# Problem with Late hands *help*



## haddockd (Nov 19, 2010)

Hello Helpful Golfers!

I have been plagued with slices and pushes as of late and I figured out that I am an early extender. I have mostly resolved this (work in progress) and my pushes have mainly disappeared. The "only" issue that I can see if that my hands do not fully "roll over" until well after the club head is past my foot.

I do not make any conscious effort to move or manipulate my hands or lag or anything of the sort. This is where they just naturally roll over. I think this is a large part of my slice problem as I do not think my swing plane is all that bad. I have posted a video below. Fairly short, but it is a pitching wedge and 5 hybrid DTL and Caddie. The caddie view is the one mainly for watching the hangs roll over late.

Can you see any reason why my hands roll over so late? I am fairly happy with my swing so if I can fix this I think my game would be pretty solid. 
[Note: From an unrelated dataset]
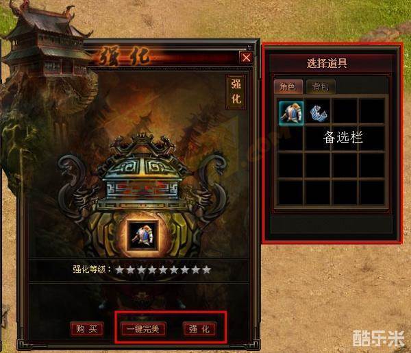 用鼠标左键或右键点选备选栏内的可强化装备,选择强化或一键强化,即可获得一件强力装备。强化完后,属性将会得到提升。

OH, I forgot to mention, my head moves back on these swings which makes my front foot come up a little in the vids. This does not happen in my normal swing. I was simply watching the clubhead in relation to my swing plane. The hands issue still persists when my head is stable. Just figured I would throw that tidbit out there.

Any takers on my disobedient hands?

My Video


----------



## FrogsHair (Mar 4, 2010)

I am no expert, but late hands, or a late release are not a bad thing as long as the club impacts the ball square to the ball's aim line. I wish I could could hold my hands/release a little longer. I might suggest you weaken your grip a little, so that club face is not closing to much before impacting the ball. Maybe moving the ball farther forward in your stance might help, since this would give your hands a little more time to release properly. Also it looks like you are swinging a little out to in on your down swing, which with a closing club face will cause a slice. This out to in swing might be why you are not pushing the ball that much anymore. So, try a little more in to out swing on your down swing, move the ball a tad bit further forward in your stance to avoid the pushed shots, and maybe weaken your grip a little. When I say weaken your grip, I mean fewer knuckles showing on your left hand, and not actual grip pressure. You might start seeing more of a fade, than a slice. Just a guess on my part. :dunno:


----------



## haddockd (Nov 19, 2010)

First I would like to thank those who took the time to offer their advice. I appreciate your input. I believe I figured out what this was. I did not have properly educated hands. I was trying to control the wrist cock and club face with my left hand. Once I allowed the right hand to control the wrist cock and the left hand to only control the club face, the issue disappeared. I also had to keep my right elbow from flying around.


----------